Credit scoring company FICO had a little holiday fun and made a credit profile for jolly old Saint Nick. Based on the credit info FICO plugged into one of its algorithms, Santa has a 757 FICO score, well above the U.S. average of 695, per a news release. And he has what’s considered an excellent FICO score, with a range of 300 to 850.

If you’re looking to improve your score, there are some things you can learn from the fabled toy deliverer. Santa’s extensive credit history — which goes back eons — probably played a big role in his good credit score. Generally, the longer you’ve been using credit, the better.

Santa also has a great mix of accounts, given that he not only has installment loans and revolving credit products, but a variety of both. In fact, he has credit cards, a mortgage, an auto loan (for a hybrid sleigh, of course) and a home equity line of credit (HELOC). The age of your credit history accounts for 15% of your FICO score, while your account mix makes up 10%.

But the man isn’t perfect. There’s an old late payment in his credit history — things got tight in the recession — and since payment history makes up 35% of a FICO score, it could be dragging him down. The good news is, late payments are only reported for seven years and their impact lessens as they age, so Santa’s credit score isn’t hurting too much from that payment.

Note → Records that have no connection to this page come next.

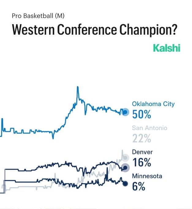 3月14日讯 预测平台Kalshi Sports更新了本赛季西部冠军概率,具体如下: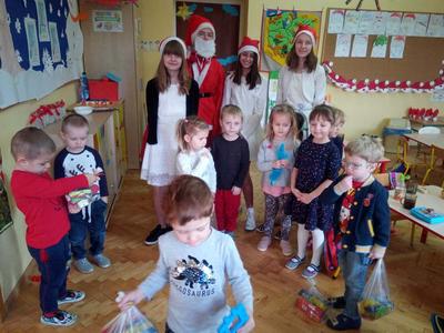 Mikołajki w Naszej Szkole to bardzo ważne wydarzenie dla wszystkich dzieci. Jest to już dla nas tradycja, którą kontynuujemy z roku na rok. Wizyta Świętego Mikołaja to dobry znak, świadczący o tym, że dzieci były grzeczne. Dostojny gość odwiedził wraz ze Śnieżynkami każdą klasę. Niecierpliwe oczekiwanie na przybycie wspaniałego gościa zostało nagrodzone, wszystkie dzieci otrzymały słodkie prezenty. Maluchy wspólnie ze Świętym Mikołajem i Śnieżynkami recytowały wiersze, śpiewały piosenki i tańczyły.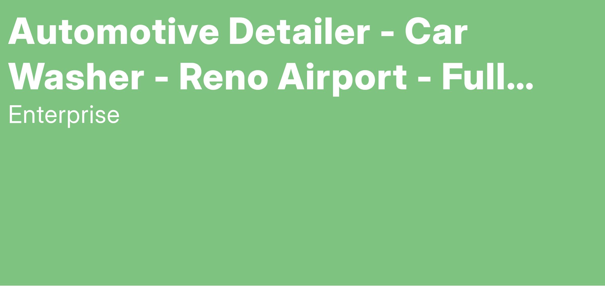 Enterprise Mobility is seeking a responsible, dedicated person to join our team as a full time Automotive Detailer. This position pays up to $19 / hour ($18.50/hr + production bonuses) and is located at the Reno Airport, 2001 E Plumb Ln, Reno NV 89502.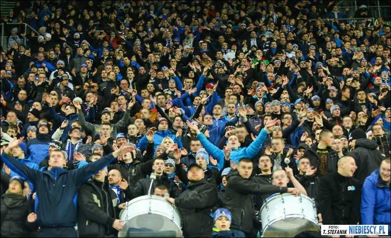 Chwila przed wyjściem piłkarzy na boisko została wykorzystana do przećwiczenia nowej przyśpiewki. Młyn Śląska skandował natomiast "piłka nożna dla kibiców", co można było usłyszeć również z sektorów zajmowanych przez fanatyków Niebieskich. Gospodarze dodatkowo zostali nagrodzeni brawami za możliwość obejrzenia meczu przez kibiców z Chorzowa, którzy również głośno zaskandowali "jesteśmy zawsze tam...".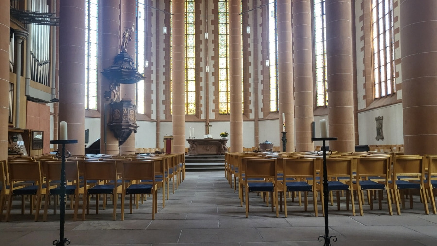 개혁교회이다 보니 왼쪽 기둥 위에 설교단이 있다. 가운데와 왼쪽에 성찬상과 세례반이 있다. 들리는 말씀과 보이는 말씀을 함께 예배당의 가장 중요한 곳에 두었다.

The bigger issue might be his credit card use, as he maxed out his $50,000-limit credit card to help with toy production for the holidays. FICO didn’t share how much of his total available credit Santa uses, but experts recommend using less than 30% of your available credit, and some say it’s best to use less than 10%. The idea is to keep credit card balances as low as possible, relative to the card’s limits, so maxing out cards is a bad idea.

Old Saint Nick would be smart to track his credit scores to see how changes — like lowering his credit card balances and continuing to make on-time payments — can affect them. You can check your credit by pulling your credit reports for free each year on AnnualCreditReport.com and viewing your two credit scores for free every 30 days on Credit.com.